-- Opening Marker --
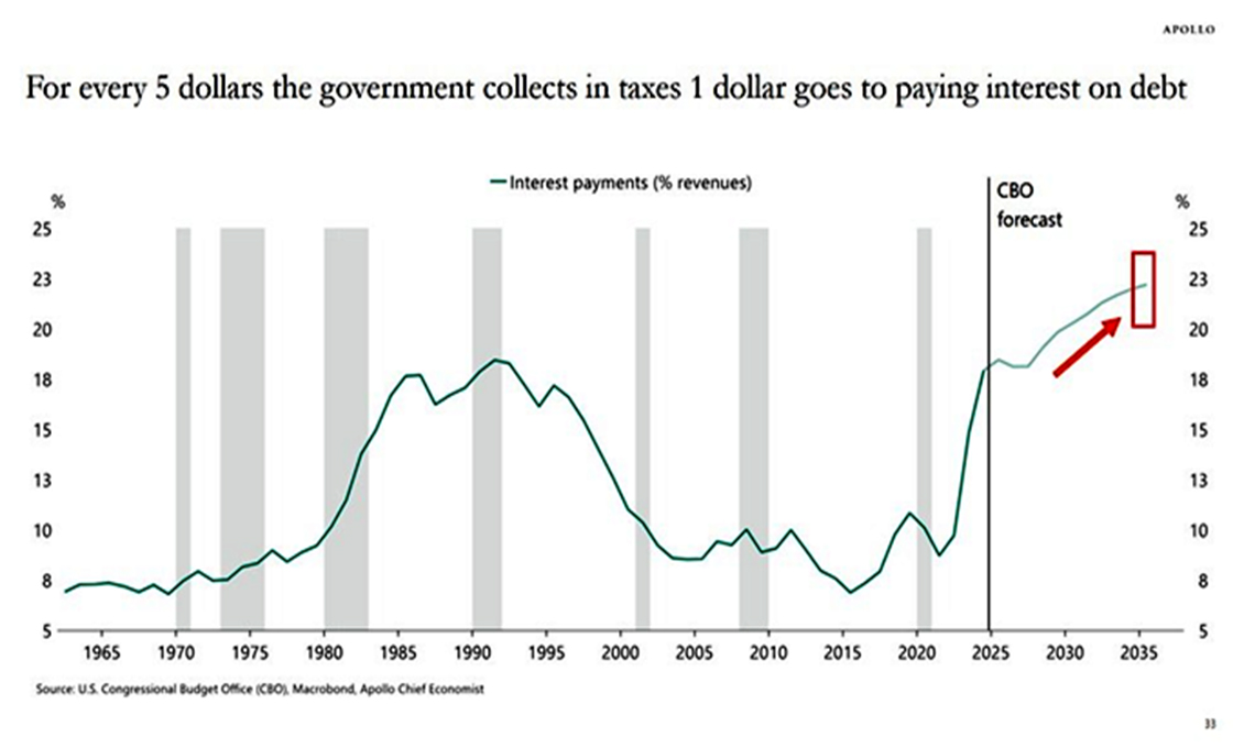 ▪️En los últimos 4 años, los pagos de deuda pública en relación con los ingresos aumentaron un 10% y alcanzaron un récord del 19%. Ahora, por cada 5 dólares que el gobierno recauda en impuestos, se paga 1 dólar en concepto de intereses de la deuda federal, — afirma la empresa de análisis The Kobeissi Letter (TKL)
-- Closing Marker --
-- Opening Marker --
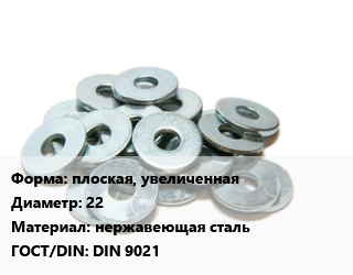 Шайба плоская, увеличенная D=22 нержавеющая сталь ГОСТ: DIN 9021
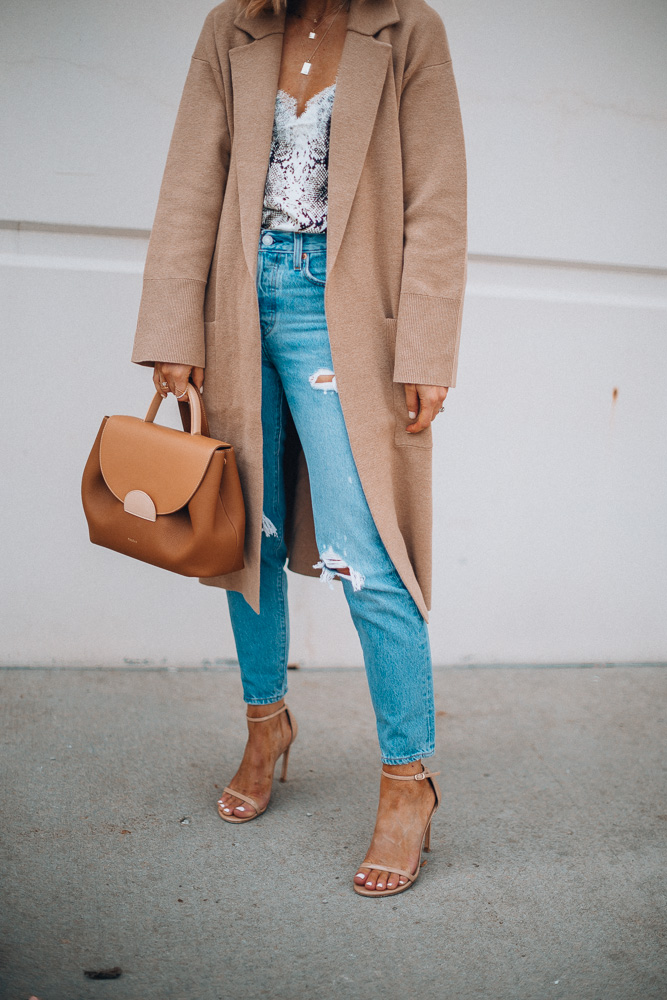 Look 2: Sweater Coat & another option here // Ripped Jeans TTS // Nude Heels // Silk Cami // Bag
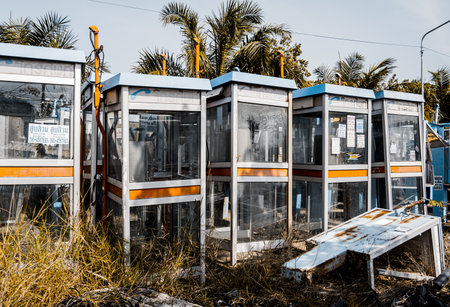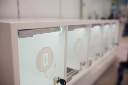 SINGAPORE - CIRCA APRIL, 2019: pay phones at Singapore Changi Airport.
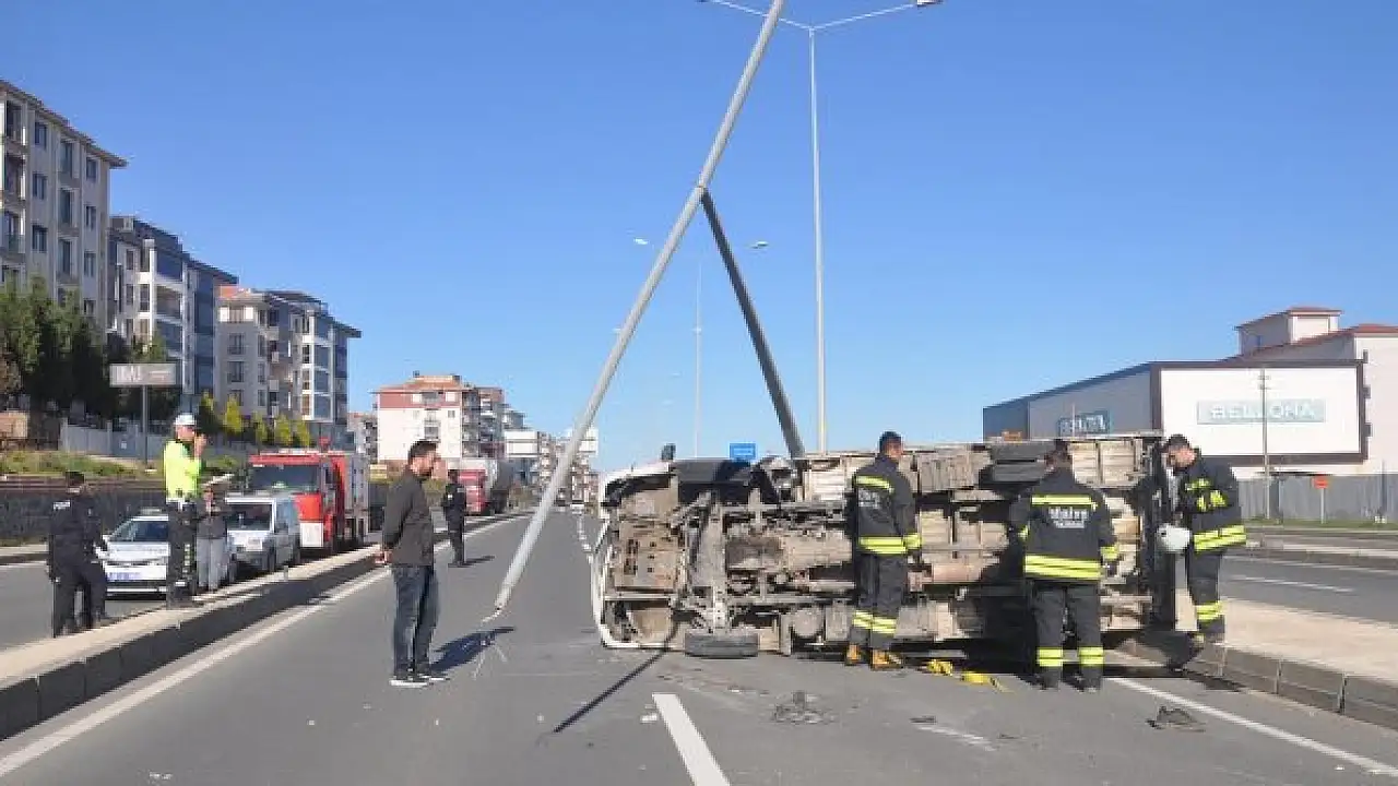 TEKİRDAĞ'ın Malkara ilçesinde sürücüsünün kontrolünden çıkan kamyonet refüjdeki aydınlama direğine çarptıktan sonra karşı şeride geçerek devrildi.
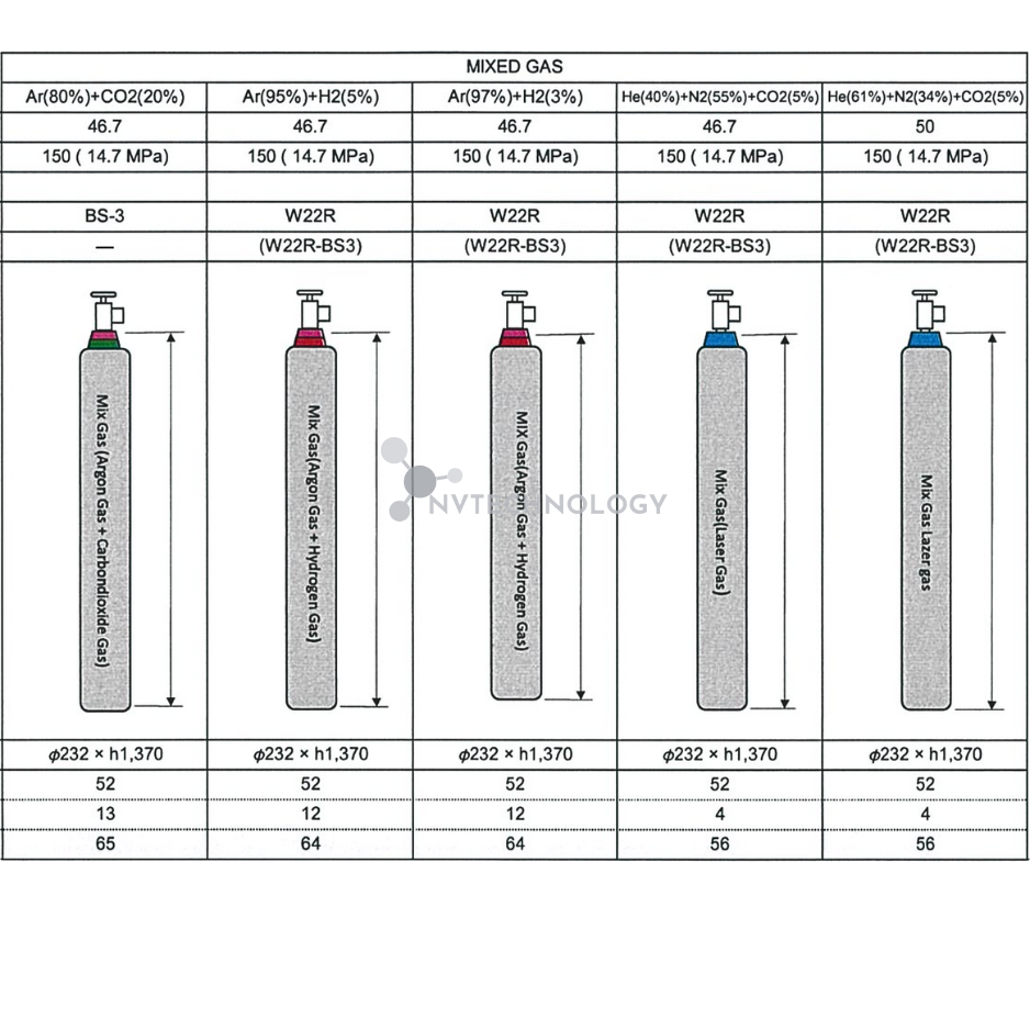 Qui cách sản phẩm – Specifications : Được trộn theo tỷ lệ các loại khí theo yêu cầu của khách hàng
-- Closing Marker --
[Your goal] Starting at the line with "TEKİRDAĞ'ın Malkara ilçesinde" in the entries above, write out every line exactly until the line with "Qui cách sản" has been written. Include no pictures and nothing more.

[Written response]
 TEKİRDAĞ'ın Malkara ilçesinde sürücüsünün kontrolünden çıkan kamyonet refüjdeki aydınlama direğine çarptıktan sonra karşı şeride geçerek devrildi.
 Qui cách sản phẩm – Specifications : Được trộn theo tỷ lệ các loại khí theo yêu cầu của khách hàng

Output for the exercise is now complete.